Base64 is one of the major encoding schemes of data. It converts documents with 8bit data such as emails to ASCII code. It is also used to embed images into websites. For example, Python has a base64 module to support these encodings and decoding, which can be easily used as below.
>>>import base64
>>>string = "string to be encoded"
>>>encoded = base64.b64encode(b'string')
b'c3RyaW5n'
>>decoded = base64.b64decode(encoded)
b'string'
Here, we will look into Base64 without using these libraries to fully understand what is going on.
How does it work?
Let’s look at the encoding scheme first. As an example, we will encode the string “Hello”.

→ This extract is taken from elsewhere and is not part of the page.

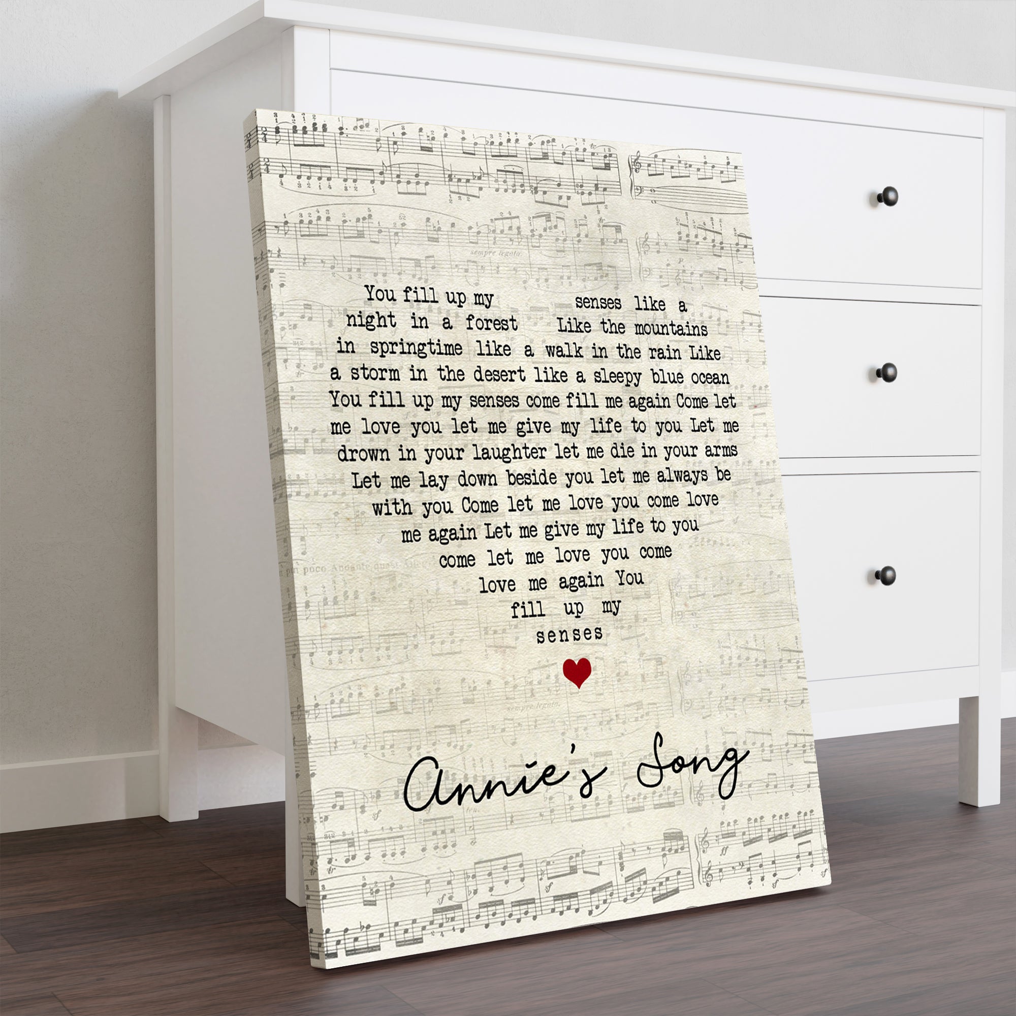 John Denver Annie's Song Script Heart Song Lyric Art Print Canvas Print Frames

First, we convert each character to a hex code, then convert it into binary. Next, we break it up into a group of 6 bits. If the last group is shorter than 6 bits, add 0. For each group, convert it to a corresponding character using a Base64 table. This table can be found on the internet. We then group it into 4 characters. If the last group is less than 4 characters, add =.
H | e | l | l | o
0x48 | 0x65 | 0x6c | 0x6c |0x6f
01001000 | 01100101 | 01101100 | 01101100 | 01101111
010010 | 000110 | 010101 | 101100 | 011011 | 000110 | 111100
S | G | V | s | b | G | 8
SGVs | bG8=
So now we have “SGVsbG8=”.
Next, we will look at the decoding scheme.

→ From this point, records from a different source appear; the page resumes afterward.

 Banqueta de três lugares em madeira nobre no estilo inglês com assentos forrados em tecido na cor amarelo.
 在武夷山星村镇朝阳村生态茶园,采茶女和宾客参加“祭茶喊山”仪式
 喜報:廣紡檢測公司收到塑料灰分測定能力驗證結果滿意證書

When decoding a string, we need to be careful not to decode the = sign altogether. The = appears at the end of the string, and at the most 2 times. After that, we just need to trace back the encoding scheme.
Decoding code in Python
def decode_base64(ct):
#remove = if there is one
ct = ct.replace('=', '')
#from the base64 table, convert it to binary
base64_dict = {"110000": "w", "110001": "x", "110101": "1", "110100": "0", "010100": "U", "010101": "V", "001100": "M", "001101": "N", "011110": "e", "011111": "f", "001001": "J", "001000": "I", "011011": "b", "011010": "a", "000110": "G", "000111": "H", "000011": "D", "000010": "C", "100100": "k", "100101": "l", "111100": "8", "111101": "9", "100010": "i", "100011": "j", "101110": "u", "101111": "v", "111001": "5", "111000": "4", "101011": "r", "101010": "q", "110011": "z", "110010": "y", "010010": "S", "010011": "T", "010111": "X", "010110": "W", "110110": "2", "110111": "3", "011000": "Y", "011001": "Z", "001111": "P", "001110": "O", "011101": "d", "011100": "c", "001010": "K", "001011": "L", "101101": "t", "000000": "A", "000001": "B", "100111": "n", "100110": "m", "000101": "F", "000100": "E", "111111": "/", "111110": "+", "100001": "h", "100000": "g", "010001": "R", "010000": "Q", "101100": "s", "111010": "6", "111011": "7", "101000": "o", "101001": "p"}
ct_bi = ""
for i in ct:
keys = [k for k, v in base64_dict.items() if v == i]
keys_str = "".join(keys)
ct_bi += keys_str
#brake it into 8 bits, remove the 0 left
ct_bi = [ct_bi[i:i+8] for i in range(0, len(ct_bi), 8)]
if len(ct_bi[-1]) != 8:
ct_bi.pop()
#convert to binary
ct_binary = []
for i in ct_bi:
ct_binary.append(i.encode())
#convert to hex
ct_hex = []
for i in ct_binary:
ct_hex.append(hex(int(i, 2)))
#convert to char
ct_decode = ""
for i in ct_hex:
ct_decode += chr(int(i, 16))
return ct_decode
It is possible to decode a properly encoded string with the above code. However, to use this in practice, you must deal with unexpected characters that might appear in the original string.
One problem with this encoding scheme is that it increases the amount of data significantly. So sending large files via email is not very efficient.
Sometimes, it is a good idea to code without using libraries to deepen your understanding!